Hollandalı olan Mata Hari'nin asıl adı Margaretha Geertruida Zelle'dir. Mata Hari ismi Malay dilinde şafağın gözü, Hint dilinde şafağın gözbebeği anlamına gelir.Babası tanınmış tüccarlardandı; annesi de zengin, güzel ve kibar bir kadındı.
Hollanda sömürgesinde olan ve Hollanda kolonisinin merkezlerinden biri olan Cava adasında bulunmuştu. Bu Hint adasında olmanın tüm kültürel etkisini yaşayan Margaretha, dansa merak sardı. Eğitiminde sonra Paris’e yerleşti.
Kısa sürede etkin dans yeteneği, güzelliği ve çekici dansıyla meşhur olmuş, sahne aldığı kulüplerde azımsanmayacak bir hayran kitlesi kazanmıştı. Ünü Paris’i aştı ve Londra, Viyana, Berlin, Roma gibi Avrupa’nın önemli şehirlerinde de telaffuz edilmeye başlandı.
Kendisini izlemeye gelenler arasında sadece sanatseverler değil, toplumun tüm kesimlerinden seçkin bir topluluk da oluyordu. Siyasetçiler, devlet başkanları Hari’nin sahne performansına hayrandı.

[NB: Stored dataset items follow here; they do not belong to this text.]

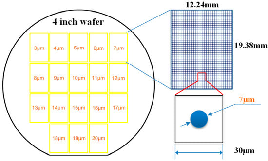In order to study strain relaxation of InGaN/GaN MQWs, the top p-GaN layer thickness was reduced to 100 nm by inductively coupled plasma (ICP) etching. Then, we divided a 4-inch wafer into 18 areas of the same size with area sizes of 12.24 mm × 19.38 mm. We etched an equal number of micro-pillars of different sizes in each area and the etching period was 30 μm (row: 12,240 μm /30 μm = 408, column: 19,380 μm/30 μm = 646). The diameters of the etched micro-pillars ranged from 3 μm to 20 μm. (as shown in Figure 2)
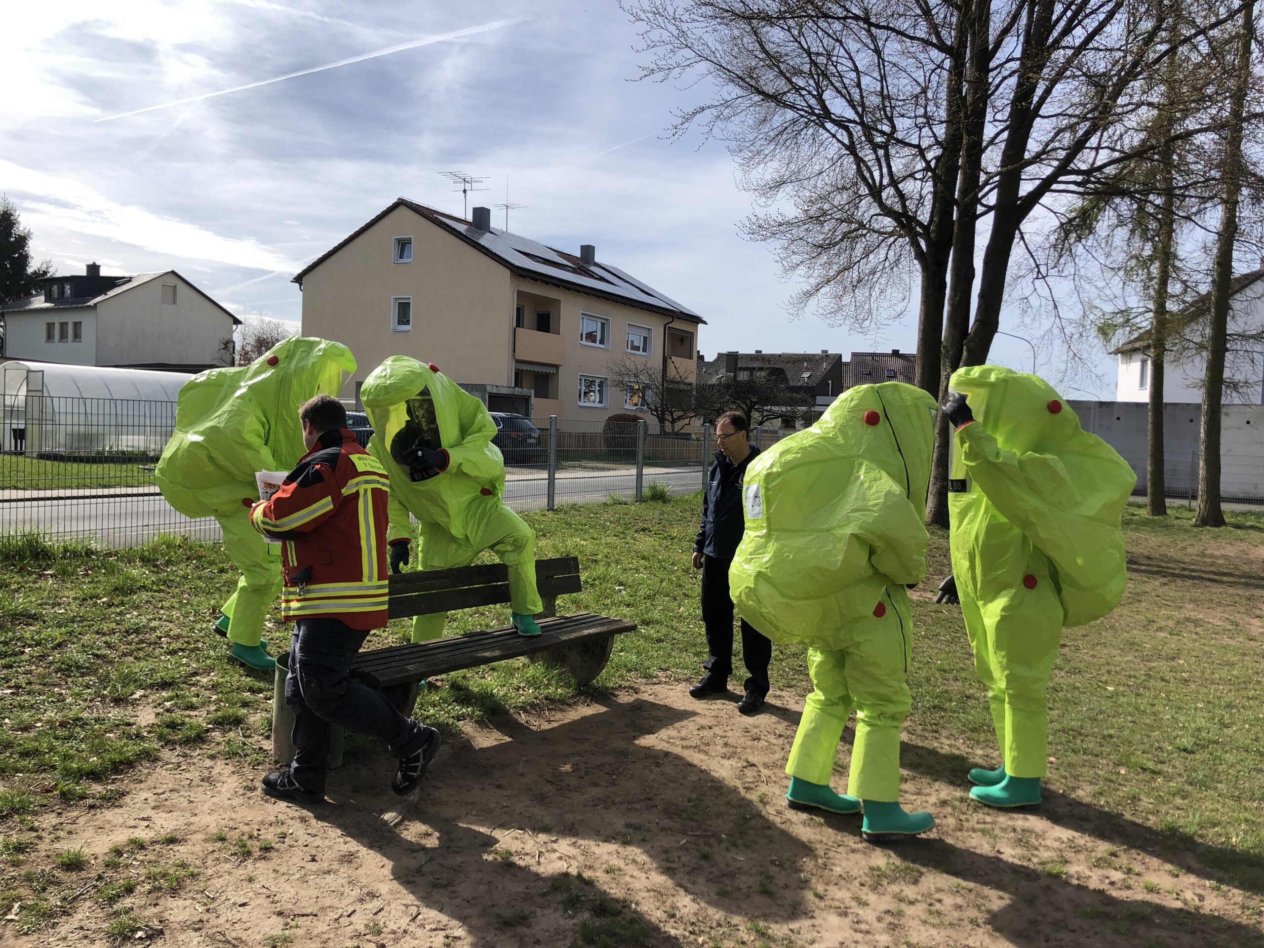 Am 22.04.2023 wurde der Lehrgang um 08:00 Uhr mit dem praktischen Teil fortgeführt. Die Teilnehmer durchliefen die Stationen „Ankleiden“, „Belastungsübung“, „Einsatzübung“ mit Erkundung & Auswertung und dem anschließenden „Dekontaminieren und Auskleiden“.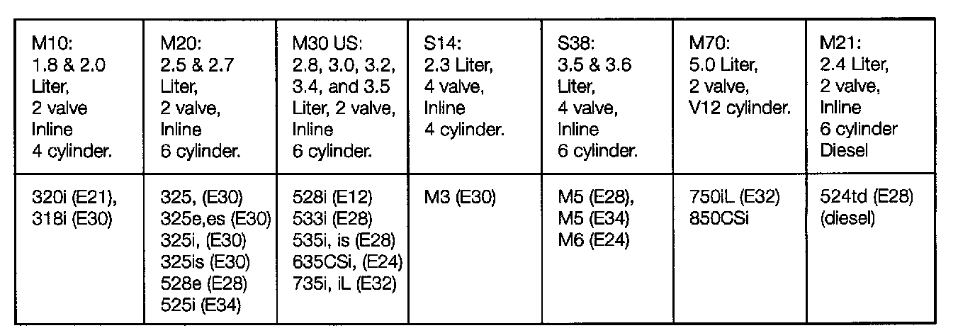 Previous BMW engines are as follows: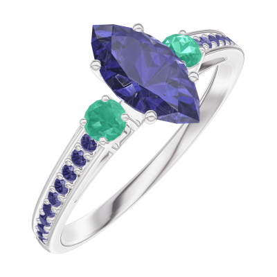 « L'ATELIER » Nº164196Bague Or blanc 9 carats - Saphir bleu Marquise 0.5 carat - Pierres de côté Émeraude - Sertissage Saphir bleu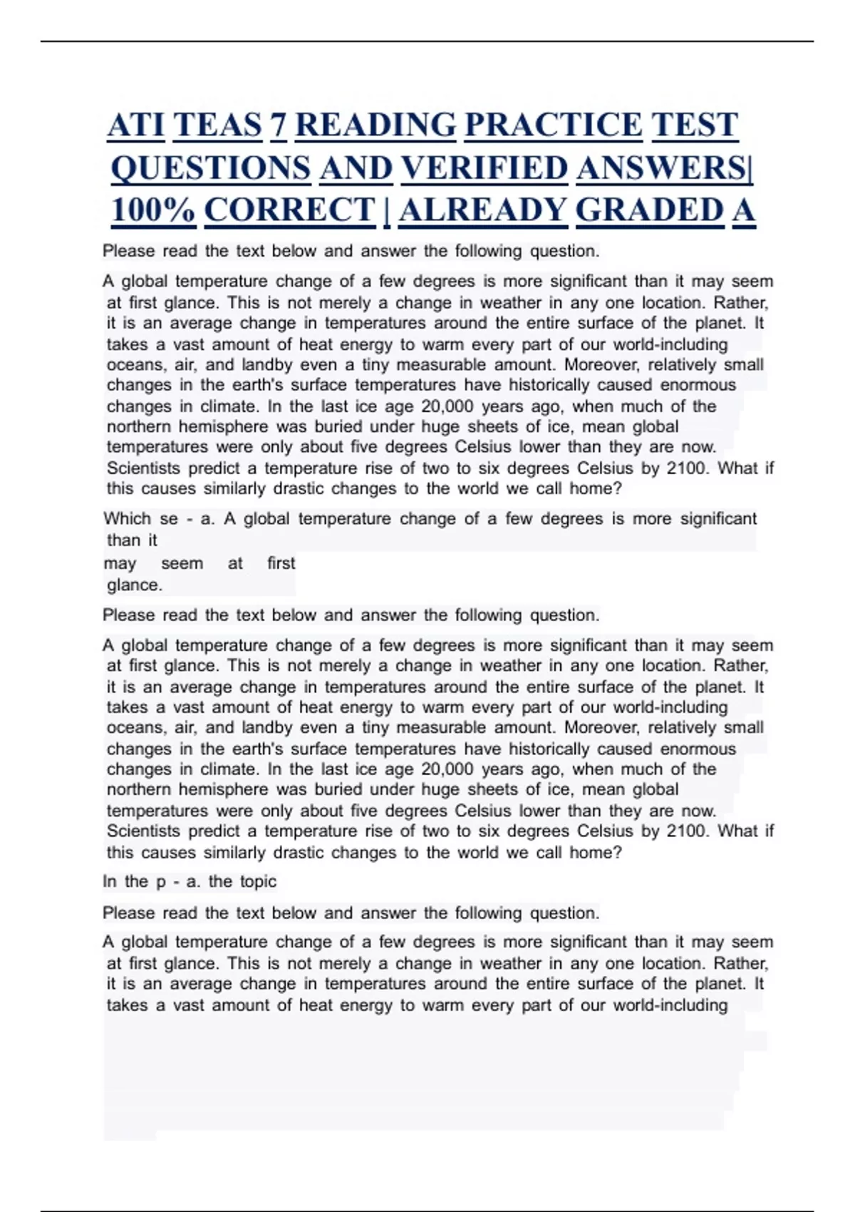 Which xse x- xa. xA xglobal xtemperature xchange xof xa xfew xdegrees xis xmore xsignificant

Bu dönemde oldukça önemli kişilerle tanışma fırsatı buldu. Almanlar, bu ilişkilere kolayca ulaşabilmek için Mata Hari’yi kendi saflarına alıp casus olarak çalıştırmak üzere eğitmeye karar verdiler.

Ardından Hari, Alman Gizli Servisi’ne katıldı ve I. Dünya Savaşı’ndan birkaç yıl önce Almanya’nın Löerrach şehrindeki Espionaj Okulu’nda casusluk üzerine eğitim gördü. Alman Gizli Servisi’ndeki kod numarası H21 olan dansçı, 1915'te Paris’e döndü.
Fransa, karşı casusluk teşkilâtı bir süre sonra onun Almanlar için çalıştığını anladı ve çift taraflı çalışma teklifinde bulundular. Fransızlar ona güvenmiyordu. Onu denemek için Belçika’ya göndermeye karar verdiler. Mata orada altı Fransız ajanla birlikte çalışacaktı.
Aradan 2 hafta geçtikten sonra, Hari’nin bağlantıda olduğu bu altı ajanın tamamı Almanlar tarafından yakalandı ve kurşuna dizildi. Hem Almanların hem de Fransızların güvenini kaybetmişti.
Tüm yenilgilerin suçu onun üzerine atılıyordu ancak yine de Fransa ve Hollanda hükûmetlerinde tanıdığı nüfuz sahibi kişilerin yardımlarıyla hazırlanan tuzaklardan kurtulmayı başarıyordu.
Hari o dönemde Fransız, İngiliz Rus subay ve devlet adamlarından toplandığı çok gizli askeri bilgileri, kızına yazılmış olarak görülen şifreli özel mektuplarla Paris’ten Almanlar’a ulaştırıyordu ama Bu süreç çok uzun sürmedi.
Alman askerî ve denizcilik istihbarat başkanlarıyla toplantılara katıldığı Madrid’ten Paris’e döndükten hemen sonra, 13 Şubat 1917’de tutuklandı. Yapılan araştırmalarda evinde bulunan ve Alman Gizli Servisi’nden aldığı doğrulanmasa
da miktarı şüphe uyandıran 30.000 marklık senet başına bela açtı. Bu parayla ilgili olarak mahkemeye “hediye aldım” açıklaması yapan Hari’nin savunması inandırıcı bulunmadı ve Fransızlar onu idama mahkûm etti.
15 EKİM 1917
İdama giderken soğukkanlı olduğu gözlenen Mata Hari’nin son sözleri “Fransızlar beni öldürmekle ne kazanacaklar? Savaşı mı kazanacaklar? olmuştur.
Ünlü dansçı ajan, kurşuna dizilirken gözlerini bağlatmayarak bir cesaret ve soğukkanlılık örneği göstermişti. 15 askerin görevli olduğu idamda Hari’ye sadece bir asker ateş edebilmiştir.